Being there as a wife through good times and bad, through injuries, scoring droughts, the threat of new talent coming in, the abyss of the bench and the politics of any team-coach-manager-players combination. That's a lot of emotions to stomach and support – and idle talk can be damaging.

For us, this Deadline Day 2012 on Tuesday was traumatic. I have lived abroad and travelled extensively, so have always said I would encourage my kids to live abroad too. The experience enriches you and changes your outlook. The US MLS (Major League Soccer) option was there for us earlier in the month, but after discussion we felt the time was not right for us and our very young family.

Then, reading in the local Bolton paper last Thursday that it was – supposedly – the end for Kevin after nine years at the club really upset me and our children.

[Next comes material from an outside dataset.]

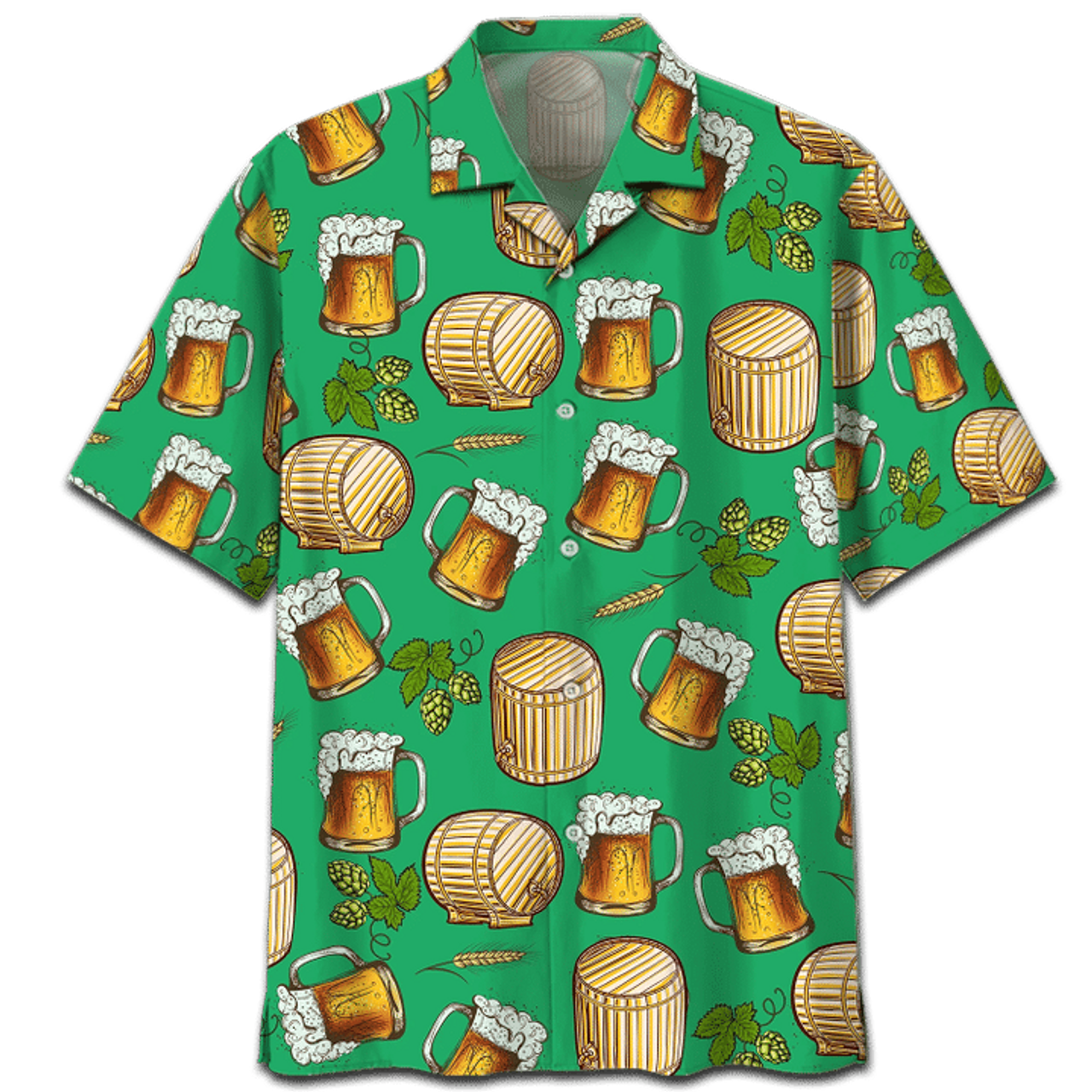 Green Theme Beer Wooden Barrel Hawaiian Shirt, Summer aloha hawaii shirt for Men women

They came home from school having been questioned by staff and pupils alike about the fate of their dad – and ultimately themselves. Many whispered conversations from the training ground toilets then meant this was serious. Would Kevin move to Sunderland or stay?*

For me it was always about Kevin and his desire to play. I knew I would support him totally in what he wanted to do, so he would continue to feel vibrant, rewarded and fulfilled, professionally, physically and personally. You rarely hear the word "testimonial" these days, as there are very few players that stick around for long enough at one club to enjoy this honour and tradition. I wouldn't say loyalty is a high priority amongst today's players.

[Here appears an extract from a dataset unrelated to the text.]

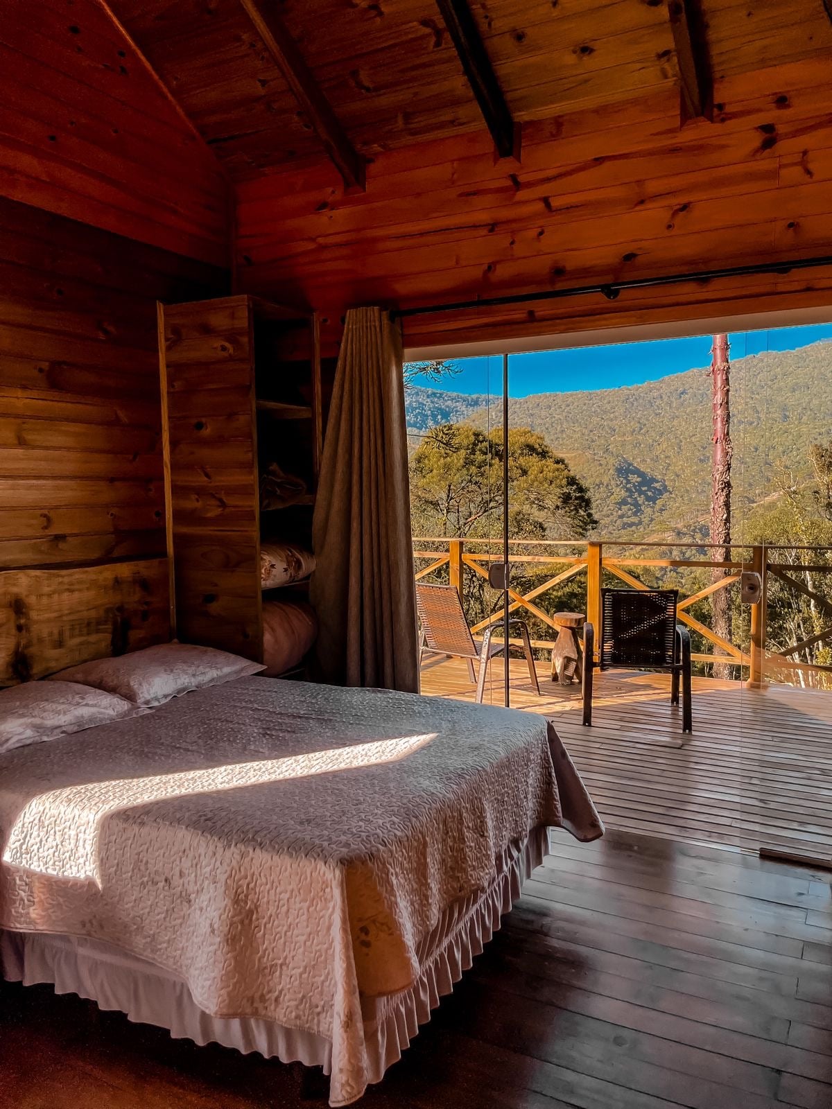 Nossas acomodações são aconchegantes, possuem Ar-condicionado, SmartTV com Netflix e WIFI ultrarrápido. Cada Cabana é equipada com cama box com colchão premium e sofá cama, além de uma cozinha completa com cooktop, geladeira e demais utensílios. Temos um quiosque com churrasqueira compartilhada junto com espetos e grelha. Disponibilizamos uma área externa com piscina, jardim e redário. Oferecemos uma deliciosa cesta de café da manhã entregue todos os dias no seu chalé 80,00 p/2 pessoas.

For me personally, I can honestly say I have everything I could possible want: a healthy family and lovely friends in Bolton, our adopted home. We have also attached ourselves to the Bolton community with the KiDs of Bolton charity we launched in October 2010 and now run ourselves.

As an older "player's wife" I have much life experience and have met many people from different walks of life to realise that it really doesn't matter how much money you have. Lots of very rich people are very unhappy people. Being settled and being able to spend time with the people that you love is paramount. With regard to us staying or leaving Bolton, the burning question was always: who would look after our donkeys?

(*Davies stayed at Bolton. Emma Healy contributed to this article.)